Of course, search engines are not replacements for real doctors. But it’s arguably better to see results vetted by experts from Harvard Medical School and the Mayo Clinic than to scour questionable community forums that offer little in the way of knowledge or reassurance.
AI is also being designed to help with disease prevention and management. Information pulled from hospital databases, electronic records, in-home monitors, fitness trackers, and implanted devices could help health care providers predict which patients show high indicators for conditions such as congestive heart failure.
Facilitating human connections
A study by the American Medical Association followed a group of 57 physicians through 430 hours of patient care. Here’s what it found, according to the Forbes article:
Physicians spent 27% of their time in their offices seeing patients and 49.2% of their time doing paperwork, which includes using the electric health record (EHR) system. Even when the doctors were in the examination room with patients, they were spending only 52.9% of the time talking to or examining the patients and 37.0% doing […] paperwork.
For all of the potentially groundbreaking research we’ve described here, the true test of AI’s impact in medical care might be whether it can make a dent in the paperwork problem.
AI-driven efforts are already underway to combat the administrative burden.

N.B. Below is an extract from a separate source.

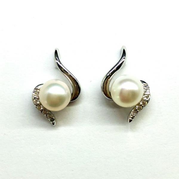 14 karátos fehér arany brill fülbevaló. Tisztasága és színe a nemzetközi besorolás szerint: vs,g, nagysága 0,06ct, édesvízi tenyésztett gyönggyel díszítve.
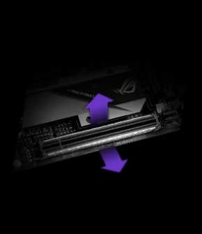 ROG Strix Z390-I Gaming features a unique memory-trace design that supports up to 32GB per channel for a total memory capacity of 64GB. With double-capacity UDIMM modules, ROG Strix Z390-I Gaming delivers four-DIMM memory bandwidth in a compact, dual-DIMM design.

Some health companies are using apps to cut down on the time nurses and doctors spend gathering patient information. Outsourcing triage and patient interviews to algorithms could cut down on health care costs, but it carries the risk of further reducing the time doctors spend with their patients. The goal would be to improve doctor-patient interactions by freeing physicians from laptop screens to focus on the people in front of them.
And that’s really where the true potential of AI in medicine lies. Rather than replace interpersonal connections and involvement, AI can reduce the burden on doctors and nurses so they can focus on the uniquely human elements of patient care. No one will complain if AI helps lower health insurance premiums or helps physicians find the right treatments faster. But people look to doctors and nurses for reassurance, comfort, and insight. Machines simply cannot replicate a human’s bedside manner.